Metin Koç

Metin Koç

Mail: [email protected]

Ülgür Gökhan’ın yapamadığını, Bülent Turan yaptı

Ülgür Gökhan’ın yapamadığını, Bülent Turan yaptı

AK Parti Mersin Milletvekili Zeynep Gül Yılmaz’ın, aracını durduran polislerle önce tartışıp, ardından da hakaret içerikli söylemlerde bulunması büyük tepki çekti. Yılmaz, bahse konu görüntülerin sosyal medyada yayınlanıp, basında yer bulmasının ardından gelen tepkiler üzerine özür diledi. Tıpkı geçtiğimiz Temmuz ayında aracının durdurulması sonucu, 40 derece sıcağın altında görevlerini yapmaya çalışan polislere sırf kendisini tanıyamadıkları için ağzına geleni söyleyip gaza basarak polis kontrolünü hiçe sayan CHP İstanbul Milletvekili Turan Aydoğan’ın yaptığı gibi.  

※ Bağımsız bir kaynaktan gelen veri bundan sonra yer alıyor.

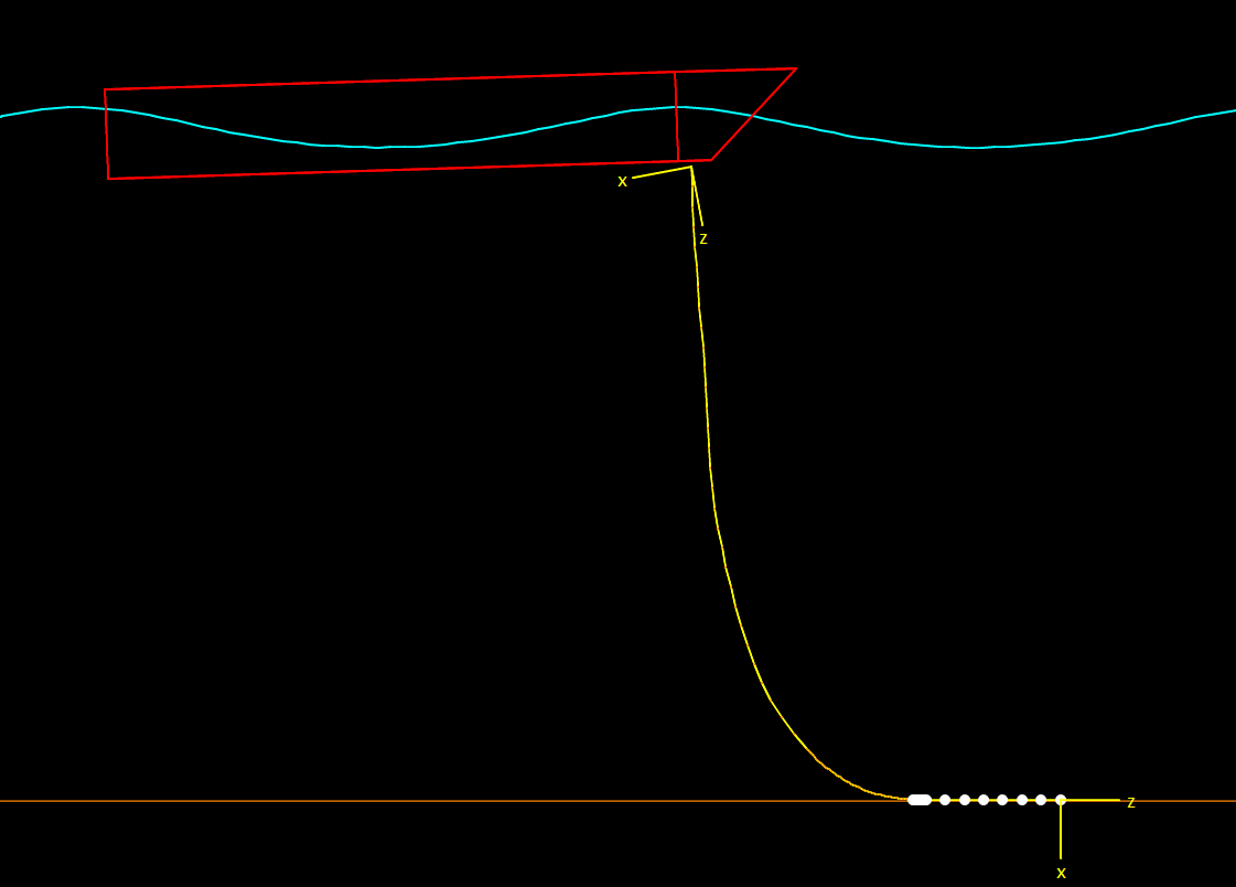 In previous versions of OrcaFlex, all of the options we are working with here would apply to all views. However, with filters we can now set these on a per-view basis, so the bases are hidden in plan but not elevation. The final result is clearer: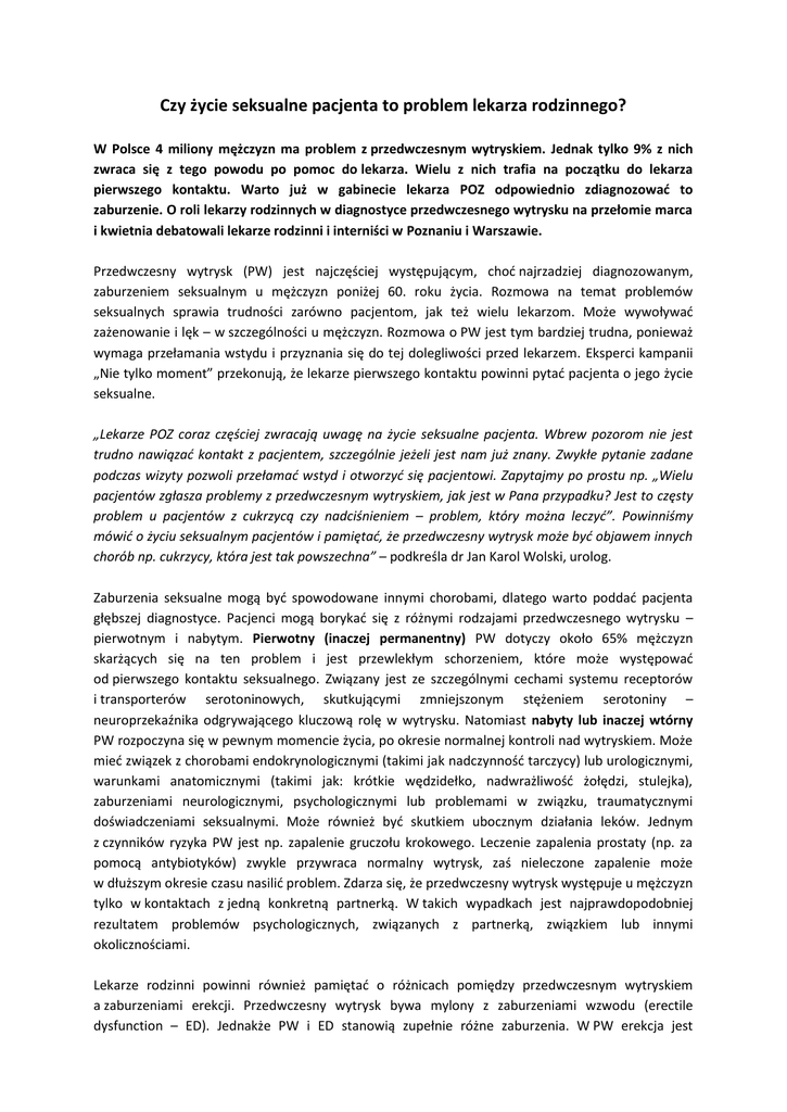 Czy życie seksualne pacjenta to problem lekarza rodzinnego? W Polsce 4 miliony mężczyzn ma problem z przedwczesnym wytryskiem. Jednak tylko 9% z nich zwraca się z tego powodu po pomoc do lekarza. Wielu z nich trafia na początku do lekarza pierwszego kontaktu. Warto już w gabinecie lekarza POZ odpowiednio zdiagnozować to zaburzenie. O roli lekarzy rodzinnych w diagnostyce przedwczesnego wytrysku na przełomie marca i kwietnia debatowali lekarze rodzinni i interniści w Poznaniu i Warszawie. Przedwczesny wytrysk (PW) jest najczęściej występującym, choć najrzadziej diagnozowanym, zaburzeniem seksualnym u mężczyzn poniżej 60. roku życia. Rozmowa na temat problemów seksualnych sprawia trudności zarówno pacjentom, jak też wielu lekarzom. Może wywoływać zażenowanie i lęk – w szczególności u mężczyzn. Rozmowa o PW jest tym bardziej trudna, ponieważ wymaga przełamania wstydu i przyznania się do tej dolegliwości przed lekarzem. Eksperci kampanii „Nie tylko moment” przekonują, że lekarze pierwszego kontaktu powinni pytać pacjenta o jego życie seksualne. „Lekarze POZ coraz częściej zwracają uwagę na życie seksualne pacjenta. Wbrew pozorom nie jest trudno nawiązać kontakt z pacjentem, szczególnie jeżeli jest nam już znany. Zwykłe pytanie zadane podczas wizyty pozwoli przełamać wstyd i otworzyć się pacjentowi. Zapytajmy po prostu np. „Wielu pacjentów zgłasza problemy z przedwczesnym wytryskiem, jak jest w Pana przypadku? Jest to częsty problem u pacjentów z cukrzycą czy nadciśnieniem – problem, który można leczyć”. Powinniśmy mówić o życiu seksualnym pacjentów i pamiętać, że przedwczesny wytrysk może być objawem innych chorób np. cukrzycy, która jest tak powszechna” – podkreśla dr Jan Karol Wolski, urolog. Zaburzenia seksualne mogą być spowodowane innymi chorobami, dlatego warto poddać pacjenta głębszej diagnostyce. Pacjenci mogą borykać się z różnymi rodzajami przedwczesnego wytrysku – pierwotnym i nabytym. Pierwotny (inaczej permanentny) PW dotyczy około 65% mężczyzn skarżących się na ten problem i jest przewlekłym schorzeniem, które może występować od pierwszego kontaktu seksualnego. Związany jest ze szczególnymi cechami systemu receptorów i transporterów serotoninowych, skutkującymi zmniejszonym stężeniem serotoniny – neuroprzekaźnika odgrywającego kluczową rolę w wytrysku. Natomiast nabyty lub inaczej wtórny PW rozpoczyna się w pewnym momencie życia, po okresie normalnej kontroli nad wytryskiem. Może mieć związek z chorobami endokrynologicznymi (takimi jak nadczynność tarczycy) lub urologicznymi, warunkami anatomicznymi (takimi jak: krótkie wędzidełko, nadwrażliwość żołędzi, stulejka), zaburzeniami neurologicznymi, psychologicznymi lub problemami w związku, traumatycznymi doświadczeniami seksualnymi. Może również być skutkiem ubocznym działania leków. Jednym z czynników ryzyka PW jest np. zapalenie gruczołu krokowego. Leczenie zapalenia prostaty (np. za pomocą antybiotyków) zwykle przywraca normalny wytrysk, zaś nieleczone zapalenie może w dłuższym okresie czasu nasilić problem. Zdarza się, że przedwczesny wytrysk występuje u mężczyzn tylko w kontaktach z jedną konkretną partnerką. W takich wypadkach jest najprawdopodobniej rezultatem problemów psychologicznych, związanych z partnerką, związkiem lub innymi okolicznościami. Lekarze rodzinni powinni również pamiętać o różnicach pomiędzy przedwczesnym wytryskiem a zaburzeniami erekcji. Przedwczesny wytrysk bywa mylony z zaburzeniami wzwodu (erectile dysfunction – ED). Jednakże PW i ED stanowią zupełnie różne zaburzenia. W PW erekcja jest prawidłowa, lecz wytrysk następuje przed rozpoczęciem penetracji pochwy lub 1-2 minuty od rozpoczęcia penetracji. PW charakteryzuje niezdolność do kontroli lub opóźnienia wytrysku; występuje częściej niż ED. Zaburzenia erekcji są trwałą niezdolnością do uzyskania i utrzymania erekcji pozwalającej na satysfakcjonujący stosunek seksualny. Nie mają nic wspólnego z kontrolą wytrysku. Występują częściej w starszym wieku, zaburzenia wzwodu często związane są z innymi chorobami. „Przedwczesny wytrysk współwystępuje z niektórymi schorzeniami. Dlatego diagnozując zaburzenia wytrysku, pytamy pacjentów o różne schorzenia, które mogą do niego predysponować, np.: zbyt krótkie wędzidełko napletka, zapalenie żołędzi lub gruczołu krokowego, czy też cukrzyca, sprzyjająca powstawaniu stanów zapalnych żołędzi prącia. Na pojawienie się przedwczesnego wytrysku wpłynąć mogą również schorzenia układowe oraz przyjmowanie niektórych leków, działających na ośrodkowy układ nerwowy. Schorzenia te należy wyleczyć lub odpowiednio kontrolować, przed rozpoczęciem leczenia przedwczesnego wytrysku” – zaznaczył dr Andrzej Depko, seksuolog, Prezes Polskiego Towarzystwa Medycyny Seksualnej. O czym powinien pamiętać każdy lekarz pierwszego kontaktu? Utrata funkcji seksualnej może być objawem choroby lub efektem działania leków Zaburzenia seksualne są powszechne Ważna jest prewencja chorób przenoszonych drogą płciową Życie seksualne jest związane ze zdrowiem (jest elementem zdrowia) i z cyklem życiowym O problemie przedwczesnego wytrysku eksperci kampanii „Nie tylko moment” rozmawiali podczas Top Medical Trends w Poznaniu oraz XIII Krajowej Konferencji Szkoleniowej TIP w Warszawie. Sesje poprowadzili wybitni eksperci: urolog prof. Piotr Radziszewski, seksuolog dr Andrzej Depko oraz psychiatra prof. Marcin Wojnar. Podczas spotkania przedstawiono problem PW oraz aktualne wytyczne dotyczące jego leczenia. Nowością w terapii PW, przedstawioną podczas spotkań, jest Priligy (dapoksetyna), który jest pierwszym i jedynym lekiem zarejestrowanym do leczenia przedwczesnego wytrysku. Zaznaczono również, że lekarze pierwszego kontaktu i interniści są prawdopodobnie najwięk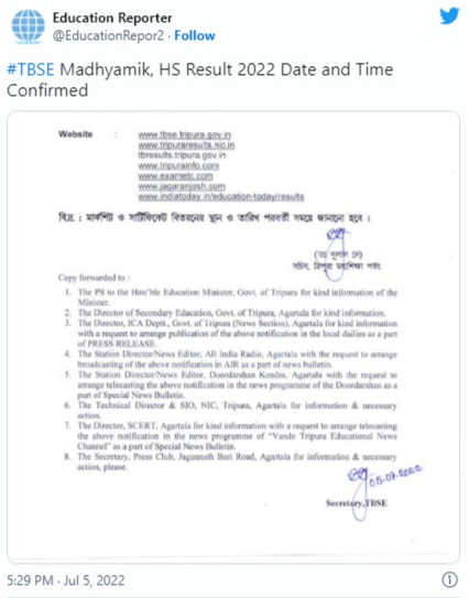 TBSE Madhyamik, 12th result 2022 to be released in another hour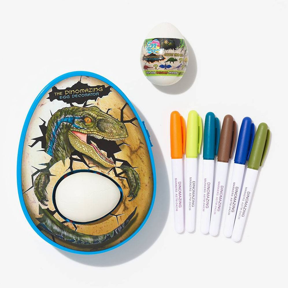 The DinoMazing Egg Decorator can make anyone into a paleontologist! Put one of the two mystery eggs into the machine and the unique spinning action will help create colorful designs while egg-sposing the cracks. Open the eggs to reveal non-sticky slime and a mystery dinosaur! Want to make your own dinosaur hybrid? Each mystery dinosaur has interchangeable limbs so you can do the dino swap! The DinoMazing Egg Decorator includes 1 decorating machine. 2 Mystery Dino Eggs and 6 colorful non-toxic markers. Collect all mystery dinosaurs. Sold separately. 3 AA batteries required/not included.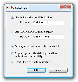 Software that allows you to show/hide hidden folders and file extensions using hotkeys or a tray icon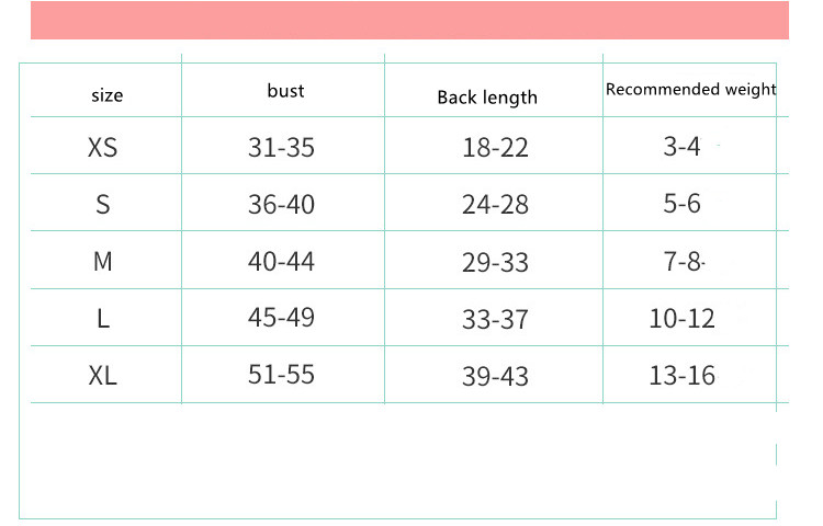 size:XS- about 2-3 kg, S- about 4-6 kg, M- about 7-8 kg, L- about 10-12 kg, XL- about 14-18 kg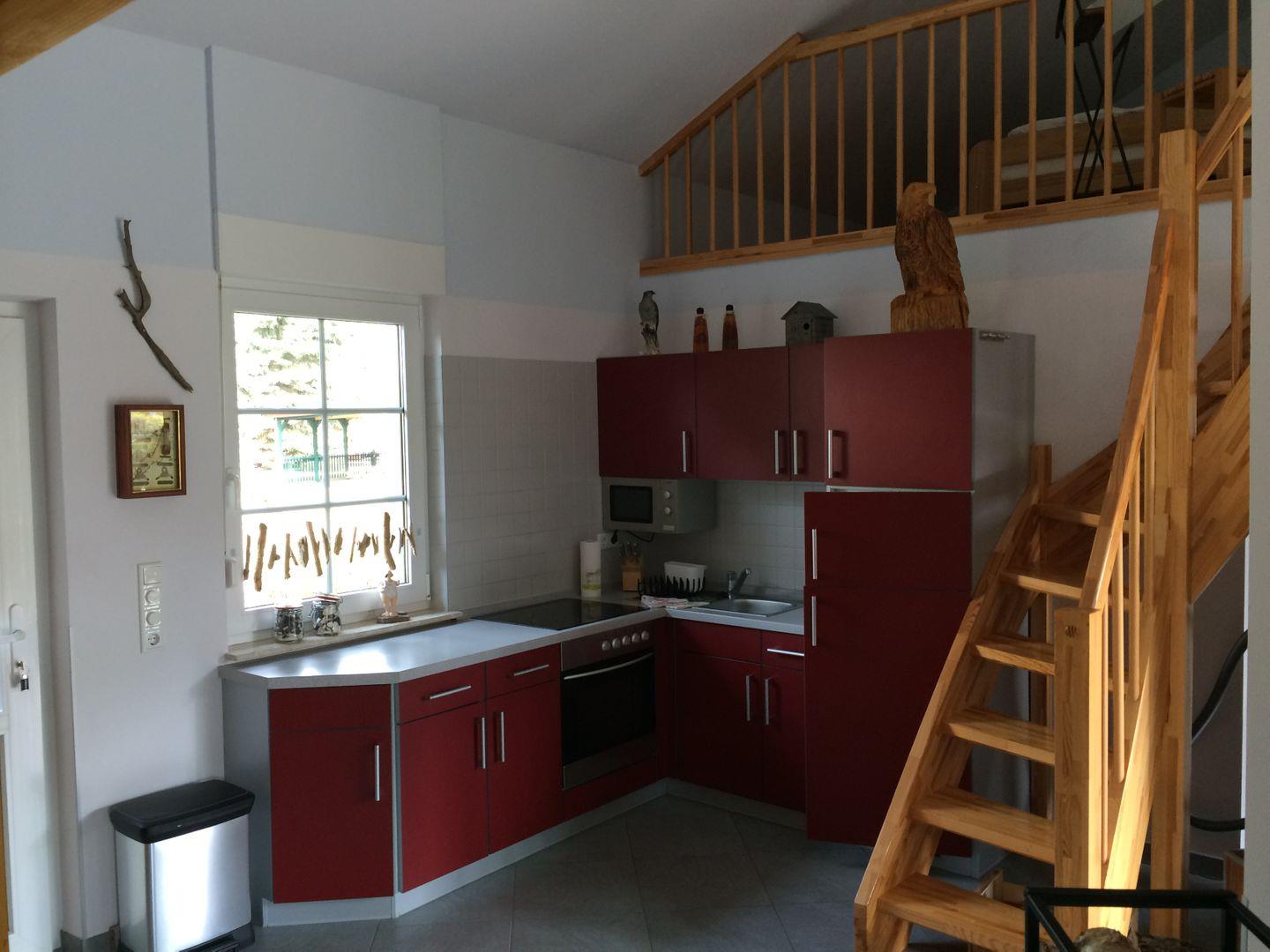 Hauses befindet sich das Wohnzimmer mit Eckcouch, einem kleinen Tisch und Kamin (Holz und Briketts werden kostenlos zur Verfügung gestellt.) Angrenzend befindet sich eine eingebaute Sauna. Die offene Küche, mit Esstisch und vier Stühlen, ist mit einem Backofen, einem Cerankochfeld, einem Kühlschrank mit Gefrierfach, Mikrowelle, Kaffeemaschine, Wasserkocher und Toaster ausgestattet.

Zeynep Gül Yılmaz’ın vatandaş nezdinde tepki çeken davranışının kendi partisinde de hoş karşılanmaması son derece önemliydi. AK Parti’de üç dönem Gaziantep Milletvekili olarak görev yapan Şamil Tayyar, Yılmaz’ın araç içerisinde yarım saat bekletilmesinin iyi niyetle bağdaşmadığını ancak milletvekilinin, polislere hakaret etmesinin de masum olmadığını belirtiyordu. Tayyar’ın bu paylaşımına sosyal medya hesabından alıntı yaparak destek veren AK Parti Grup Başkanvekili ve Çanakkale Milletvekili Bülent Turan da, Yılmaz’ın söz konusu davranışının yanlışlığına dikkat çekiyordu. Öyle ki Turan, Yılmaz’ın gelen tepkiler üzerine özür dilemesinin ardından, “AKParti’li, vicdanları yaralayan bir şey yapmaz, yapmamalı. İnsanız, yaparsak da özür dilemeliyiz. Kasıt/kötü niyet/komplo da olsa bize düşen saygın duruşumuzu korumak olmalı” diyerek, aynı partide siyaset yaptığı Zeynep Gül Yılmaz’ı bu tip durumlarda daha dikkatli olması gerektiği yönünde uyarıyordu. Bence çok şık bir davranış. Yanlışın öznesi kendi partilisi olsa bile yanlışa yanlış diyebilmek çok kıymetli. Bu davranış, Türk siyasetinde pek görebildiğimiz türden değil maalesef. Örneğin, Zeynep Gül Yılmaz olayında AK Parti’ye yüklenen CHP’nin üst düzey yöneticileri, çok değil 1 ay önce aynı davranışı kendi partilileri olan İstanbul Milletvekili Turan Aydoğan polislere karşı sergilediğinde sessiz kalmayı tercih etmişlerdi.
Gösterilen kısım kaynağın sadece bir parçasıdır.